▼

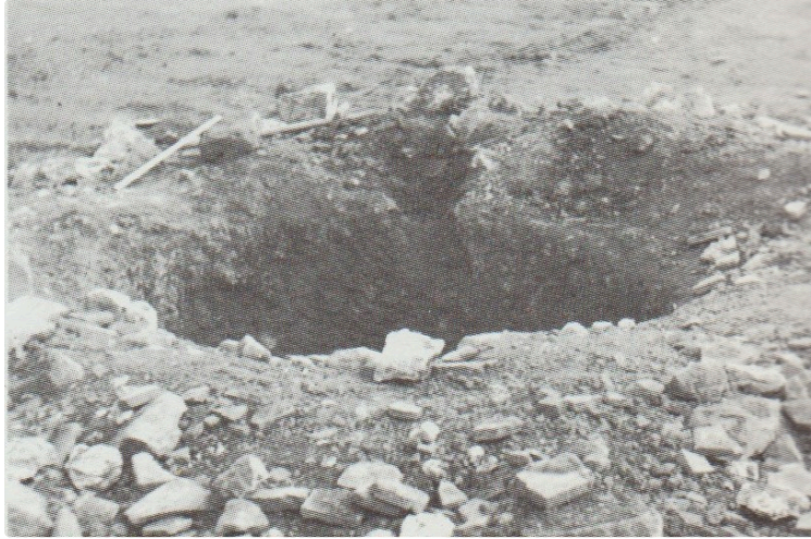
"Revenons sur nos pas" : découverte d'un four tuilier sur le plateau sportif

Comme tous les dimanches, nous retrouvons notre rubrique "Revenons sur nos pas".
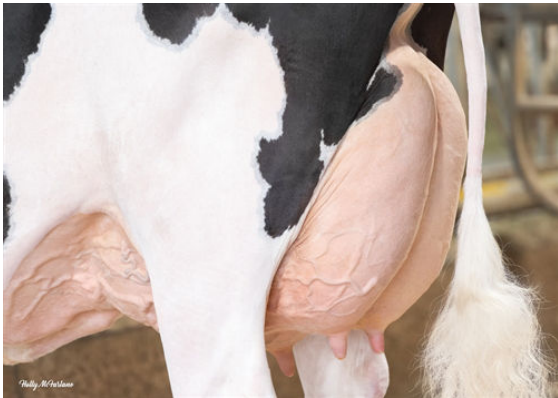
MYSTIQUE LAMBDA ANIS
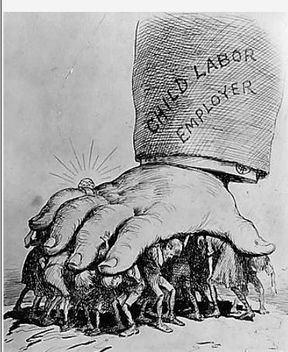
Εικόνα 8: Εργοδότης παιδικής εργασίας.

Στη σύγχρονη εποχή η παιδική εργασία εξακολουθεί να υπάρχει. Όχι στις αναπτυγμένες κοινωνίες όπως η δική μας, ίσως γιατί, όπως έχεις ακούσει, οι βιομηχανίες έχουν μεταφερθεί σε άλλες χώρες, όπου οι μισθοί των εργατών είναι πολύ χαμηλοί και δεν υπάρχουν αυστηροί κανόνες για τα δικαιώματα των εργατών. Πολλά παιδιά συνεχίζουν να εργάζονται σε συνθήκες χειρότερες από αυτές της Καμέλα. Ίσως να ξαφνιαζόσουν αν μάθαινες ότι πολλά από τα ρούχα, τα παπούτσια και οι ηλεκτρονικές συσκευές που χρησιμοποιείς έχουν κατασκευαστεί από παιδικά χέρια.
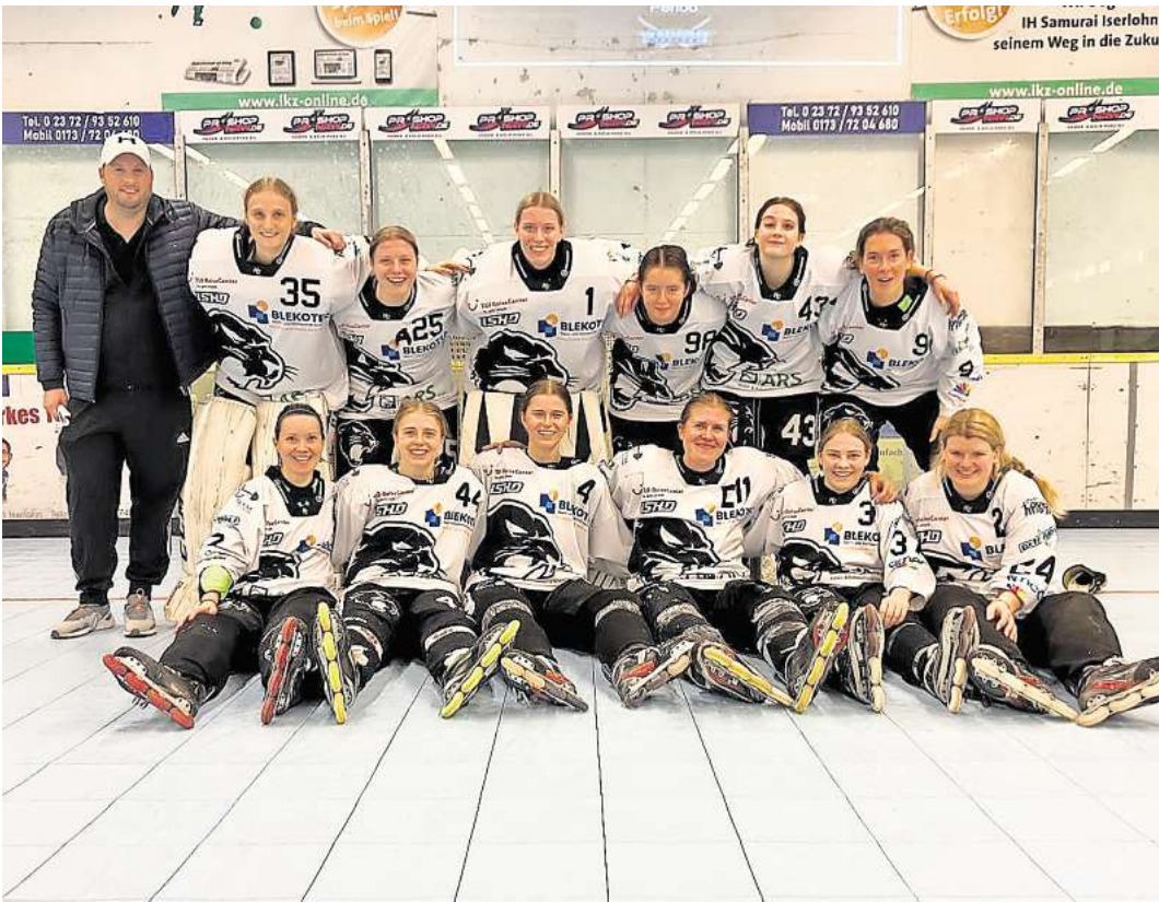
Die Pink Panther sind gut in die Saison gestartet.

Das Rückspiel findet bereits am Sonntag, 10. November, um 13 Uhr in der Wedemark-Sporthalle statt.
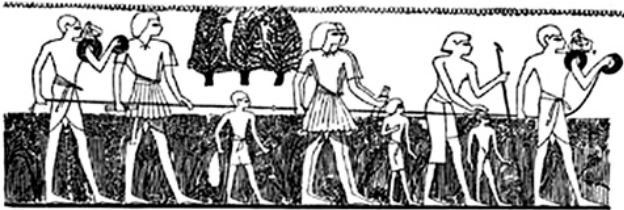
Геодетско успостављање међе конопцем са чворовима у старом Египту

????????A (??? gh': ?????, daivesqai: ?????; gewdaisiva), ????? ?????????? ??? ? ???? ????????? ? ?????????????? ??? ? ???? ?????????? ?????????????? ??? ? ?????????????????? ????????? ???? ? ??? ? ?????. ?????????? ?????????? ?????????? ?? ?????????? ? ?? ?????? ?????????? ????????? ?????????? ?????? ?????? „????? ?????“ ?????? ?? ?????? ?????????? ?????????? ?? ??????, ? ?? ??? ?? 5.000 ?????? ? ?????, ??????????????, ?????? ??? ? ?????????? ??? ??? ?????? ?????????? ?????? ?????????????? ?? ?????? ?????? ?????? ?? ?????? ?????? ? ?????????, ?????? ? ?????????????? ??? ?????, ??? ?????????? ?? ?????????? ?????????? ?????????? ? ?????? ?????? ?????? ?????? ????? ?????????? ?????? ?????????????? ?? ?????? ?????, ?????, ?????? ? ?????, ? ?? ????????? ?????????????? ?????? ?? ?????????? ? ?????????? ?????????? ?????????? ?????????? ?????????? ?????????????? ?????????????? ?????????????? ?????????????? ??????, ?????????, ?????? ? ?????????? ?????????? ? ?' ??????.
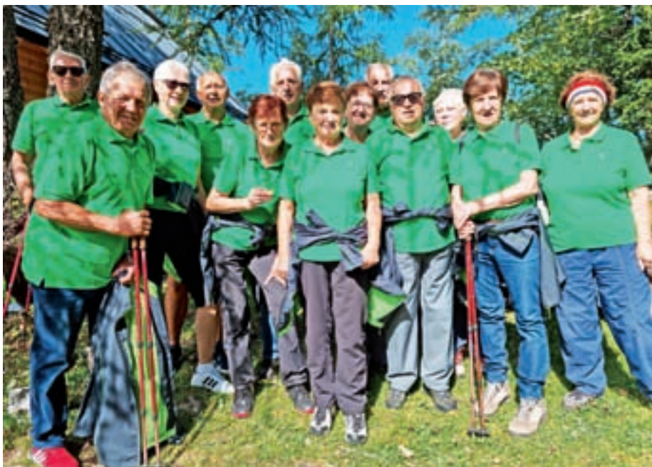
Pohod na Krvavec

Na Ptuj smo prispeli z zamudo, zato smo si vzeli čas samo za kavo in kratek sprehod po mestu. Na železniški postaji nam je uslužbenka svetovala, naj se zapeljemo v Maribor, od tam pa nazaj v Ljubljano z direktnim vlakom. Tako smo prispeli v Maribor, ki je bil naš prvotni cilj. Posedli smo se v bližnjem lokal, ker pa nas je
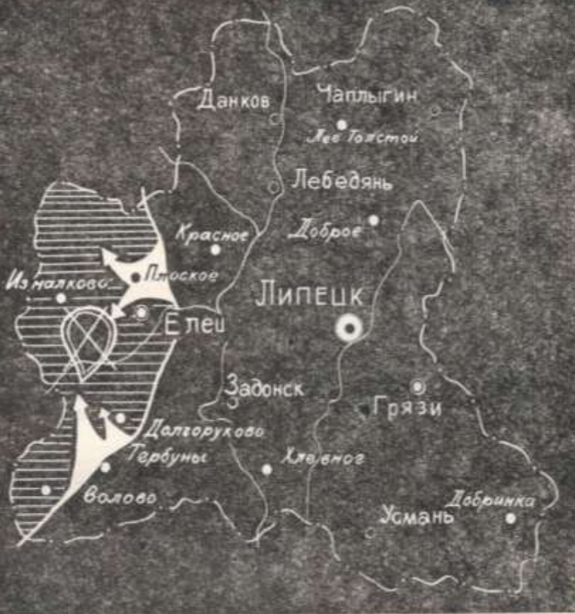
Бои с немецко-фашистскими войсками на территории нынешней Липецкой области (декабрь 1941 г.)

В результате Елецкой операции немцы потеряли убитыми и ранеными 12000 солдат и офицеров, были разгромлены четыре немецкие дивизии. Советские войска захватили богатые трофеи: 226 орудий, 319 пулеметов, 164 автомата, 1286 винтовок, 907 автомашин. От врага была освобождена территория в 8 тысяч квадратных километров с 400 населенными пунктами и 3 городами.
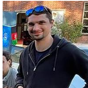
Ukraine : un journaliste français tué près de Sievierodonetsk
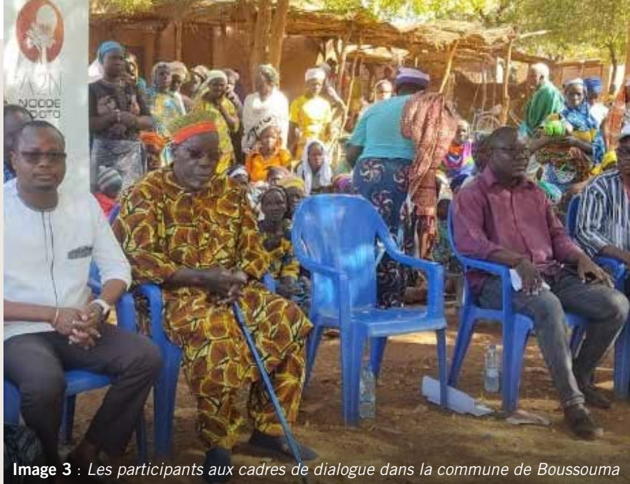
Image 3 : Les participants aux cadres de dialogue dans la commune de Boussouma
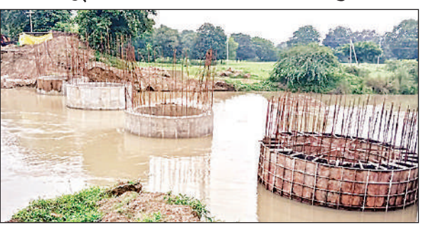
कैर गांव के पास निर्माणाधीन पुल में भरा पानी।

आठ घंटे तक बिना रुके कर सकेगा काम : रोबोट को 2 से 3
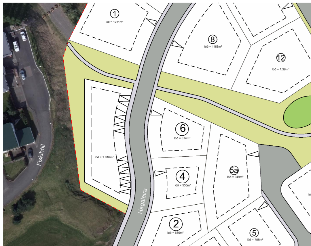
DEILISKIPULAGSBREYTING MKV. 1:1.000
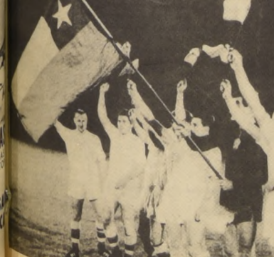
Checoslovaquia a punto de clasificarse. Un punto le basta para llegar a México. Juegan con Hungría en Praga.
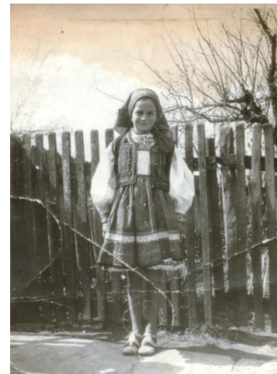
Fetiță din Oaș, în straie de sărbătoare (anii '80)

▲

Transcribe the listing in full and omit the pictures.

**Answer to this problem:**
"Revenons sur nos pas" : découverte d'un four tuilier sur le plateau sportif

Comme tous les dimanches, nous retrouvons notre rubrique "Revenons sur nos pas".
MYSTIQUE LAMBDA ANIS
Εικόνα 8: Εργοδότης παιδικής εργασίας.

Στη σύγχρονη εποχή η παιδική εργασία εξακολουθεί να υπάρχει. Όχι στις αναπτυγμένες κοινωνίες όπως η δική μας, ίσως γιατί, όπως έχεις ακούσει, οι βιομηχανίες έχουν μεταφερθεί σε άλλες χώρες, όπου οι μισθοί των εργατών είναι πολύ χαμηλοί και δεν υπάρχουν αυστηροί κανόνες για τα δικαιώματα των εργατών. Πολλά παιδιά συνεχίζουν να εργάζονται σε συνθήκες χειρότερες από αυτές της Καμέλα. Ίσως να ξαφνιαζόσουν αν μάθαινες ότι πολλά από τα ρούχα, τα παπούτσια και οι ηλεκτρονικές συσκευές που χρησιμοποιείς έχουν κατασκευαστεί από παιδικά χέρια.
Die Pink Panther sind gut in die Saison gestartet.

Das Rückspiel findet bereits am Sonntag, 10. November, um 13 Uhr in der Wedemark-Sporthalle statt.
Геодетско успостављање међе конопцем са чворовима у старом Египту

????????A (??? gh': ?????, daivesqai: ?????; gewdaisiva), ????? ?????????? ??? ? ???? ????????? ? ?????????????? ??? ? ???? ?????????? ?????????????? ??? ? ?????????????????? ????????? ???? ? ??? ? ?????. ?????????? ?????????? ?????????? ?? ?????????? ? ?? ?????? ?????????? ????????? ?????????? ?????? ?????? „????? ?????“ ?????? ?? ?????? ?????????? ?????????? ?? ??????, ? ?? ??? ?? 5.000 ?????? ? ?????, ??????????????, ?????? ??? ? ?????????? ??? ??? ?????? ?????????? ?????? ?????????????? ?? ?????? ?????? ?????? ?? ?????? ?????? ? ?????????, ?????? ? ?????????????? ??? ?????, ??? ?????????? ?? ?????????? ?????????? ?????????? ? ?????? ?????? ?????? ?????? ????? ?????????? ?????? ?????????????? ?? ?????? ?????, ?????, ?????? ? ?????, ? ?? ????????? ?????????????? ?????? ?? ?????????? ? ?????????? ?????????? ?????????? ?????????? ?????????? ?????????????? ?????????????? ?????????????? ?????????????? ??????, ?????????, ?????? ? ?????????? ?????????? ? ?' ??????.
Pohod na Krvavec

Na Ptuj smo prispeli z zamudo, zato smo si vzeli čas samo za kavo in kratek sprehod po mestu. Na železniški postaji nam je uslužbenka svetovala, naj se zapeljemo v Maribor, od tam pa nazaj v Ljubljano z direktnim vlakom. Tako smo prispeli v Maribor, ki je bil naš prvotni cilj. Posedli smo se v bližnjem lokal, ker pa nas je
Бои с немецко-фашистскими войсками на территории нынешней Липецкой области (декабрь 1941 г.)

В результате Елецкой операции немцы потеряли убитыми и ранеными 12000 солдат и офицеров, были разгромлены четыре немецкие дивизии. Советские войска захватили богатые трофеи: 226 орудий, 319 пулеметов, 164 автомата, 1286 винтовок, 907 автомашин. От врага была освобождена территория в 8 тысяч квадратных километров с 400 населенными пунктами и 3 городами.
Ukraine : un journaliste français tué près de Sievierodonetsk
Image 3 : Les participants aux cadres de dialogue dans la commune de Boussouma
कैर गांव के पास निर्माणाधीन पुल में भरा पानी।

आठ घंटे तक बिना रुके कर सकेगा काम : रोबोट को 2 से 3
DEILISKIPULAGSBREYTING MKV. 1:1.000
Checoslovaquia a punto de clasificarse. Un punto le basta para llegar a México. Juegan con Hungría en Praga.
Fetiță din Oaș, în straie de sărbătoare (anii '80)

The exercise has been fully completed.